The next Secretary needs to address that.  US President Barack Obama needs to make clear that the VA must operate within the law -- that means recognizing that Congress exists to be a check on them as much as it exists to pass laws -- and that they must be transparent.  It should also be made clear that the VA will not be able to use two sets of lists (a real one and a fake one) or to alter results by chopping 41 days off (which the Inspector General revealed this week though the press ignored it) or disguise reality by redefining terms like "error."

The VA has been out of control for some time.  That didn't start with Shinseki, but the culture of secrecy worsened under Shinseki. If veterans are going to be served, the next Secretary must make a commitment to transparency and accountability and he or she must have the full backing of Barack on this.
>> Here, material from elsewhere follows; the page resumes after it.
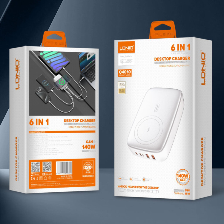 اگر بهجای چند شارژر جدا، یک هاب شارژ قدرتمند، مرتب و مدرن میخواهی، شارژر رومیزی الدینیو GaN-6in1 Q4010 توان ۱۴۰ وات انتخابی عالی است: ۶ خروجی، تکنولوژی GaN، توان بالا، ایمنی کامل و مناسب برای میز کار حرفهای، خانه و سفر.

It's over, I'm done writing songs about love
There's a war going on
So I'm holding my gun with a strap and a glove
And I'm writing a song about war
And it goes
Na na na na na na na
I hate the war
Na na na na na na na
I hate the war
Na na na na na na na
I hate the war
Oh oh oh oh
-- "I Hate The War" (written by Greg Goldberg, on The Ballet's Mattachine!)


The number of US service members the Dept of Defense states died in the Iraq War is [PDF format warning] 4489.